Bei der Verarbeitung scheiden sich die Geister. Einerseits wirkt das gebürstete Aluminium sehr edel, wären da nicht die Kratzer hier und da. Im falschen Licht betrachtet fallen diese leider doch schon sehr auf. Auch mit einigen nicht entgrateten Kanten hat der Phobya Spross zu kämpfen, allerdings ist dies eher die Ausnahme. Ansonsten gibt es auch Gutes zu berichten, durch die Materialstärke von 1mm wirkt der Ultrabig-Tower alles andere als klapprig. Die Bohrungen, bzw. Montageplätze sind sauber umgesetzt, hier wurde mit deutscher Gründlichkeit gearbeitet. Mit Lackabplatzern, Dellen und / oder Beulen hat das Phobya-Case nicht zu kämpfen. Die Verarbeitung befindet sich insgesamt auf einem guten, leider nicht perfekten Level.




			Dieser Inhalt steht nur eingeloggten Mitgliedern zur Verfügung.
        

 


			Dieser Inhalt steht nur eingeloggten Mitgliedern zur Verfügung.
        

 


			Dieser Inhalt steht nur eingeloggten Mitgliedern zur Verfügung.
        



Optisch ist das Case recht schlicht gehalten, lediglich ein Logo des Herstellers ziert die Front. Trotz der schlichten Optik ist der Tower alles andere als unscheinbar. Die vielen Luftlöcher ziehen hier die eher Blicke auf sich, allerdings sind diese Notwendig, damit das Gehäuse, bzw. dessen späteres Innenleben, atmen kann. Auch für die Montage der Radiatoren sind diese Löcher unabdingbar, daher zieht sich diese luftige Optik über fast das ganze Gehäuse.
Wer beim Betrachten der Bilder die fehlen USB-Ports und / oder I/O Panel vermisst, der wird sie auch weiter vermissen dürfen. Auf solche zusätzliche „Spielereien“ verzichtet Phobya, was aber durchaus nicht unüblich ist bei einem rein auf Wasserkühlungen ausgelegtes Gehäuse.

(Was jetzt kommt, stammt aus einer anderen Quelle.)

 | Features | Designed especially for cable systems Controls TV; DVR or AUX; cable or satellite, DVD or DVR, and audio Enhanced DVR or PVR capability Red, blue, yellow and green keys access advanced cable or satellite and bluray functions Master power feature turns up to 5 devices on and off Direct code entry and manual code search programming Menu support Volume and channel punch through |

			Dieser Inhalt steht nur eingeloggten Mitgliedern zur Verfügung.
        

 


			Dieser Inhalt steht nur eingeloggten Mitgliedern zur Verfügung.
        



Wesentlich interessanter geht es im Inneren weiter, wo die gebürstete Optik die Gleiche ist.
Durch die angesprochene modulare Bauweise lässt sich das Case komplett in seine Einzelteile zerlegen. Unter der herausnehmbaren Mittelplatte lässt sich ein Radiator mit max. 480mm Länge montieren oder aber auch ein Netzteil. Bei genauerer Betrachtung fällt allerdings auf, dass der untere Netzteilplatz für die Katz ist, da man hier keine Möglichkeit hat die Kabel nach oben zu legen. Auch auf ein Kabelmanagement verzichtet man beim Phobya Gehäuse, wieso ist vollkommen unklar und wohl auch einer der gröbsten Patzer die sich das WaCoolT UltraBig Watercase hier erlaubt.

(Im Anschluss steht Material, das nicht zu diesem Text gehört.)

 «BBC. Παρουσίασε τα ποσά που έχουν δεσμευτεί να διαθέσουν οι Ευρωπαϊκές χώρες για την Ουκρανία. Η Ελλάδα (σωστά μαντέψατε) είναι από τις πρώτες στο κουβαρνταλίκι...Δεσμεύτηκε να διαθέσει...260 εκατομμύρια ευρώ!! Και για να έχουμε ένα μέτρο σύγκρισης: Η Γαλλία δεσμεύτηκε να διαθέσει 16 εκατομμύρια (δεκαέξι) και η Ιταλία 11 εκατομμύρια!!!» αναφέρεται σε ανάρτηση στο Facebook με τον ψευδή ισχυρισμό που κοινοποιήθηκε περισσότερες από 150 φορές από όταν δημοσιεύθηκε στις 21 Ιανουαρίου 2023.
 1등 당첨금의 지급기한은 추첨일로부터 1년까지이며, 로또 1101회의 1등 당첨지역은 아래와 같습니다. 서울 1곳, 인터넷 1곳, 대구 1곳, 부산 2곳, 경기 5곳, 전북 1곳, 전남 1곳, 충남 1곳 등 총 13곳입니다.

Eine kleine Modifikation am unten geschlossenen Mainboardtray hätte hier schon Abhilfe schaffen können.




			Dieser Inhalt steht nur eingeloggten Mitgliedern zur Verfügung.
        



Hat man diesen Umstand erst einmal verdaut geht es positiv weiter. Die Halterung für die Festplatten lässt sich mit wenigen Handgriffen nach hinten verschieben, so sollte auch der dickste Radiator seinen Platz in der Front finden. Auch ein komplettes Entfernen der HDD-Halterung ist möglich.




			Dieser Inhalt steht nur eingeloggten Mitgliedern zur Verfügung.
        

 


			Dieser Inhalt steht nur eingeloggten Mitgliedern zur Verfügung.
        



Die bereits angesprochenen Montageplätze für die verschiedenen Pumpen befinden sich mittig auf der Mittelplatte. Außer den vielen Löchern gibt es sonst keine weiteren Besonderheiten.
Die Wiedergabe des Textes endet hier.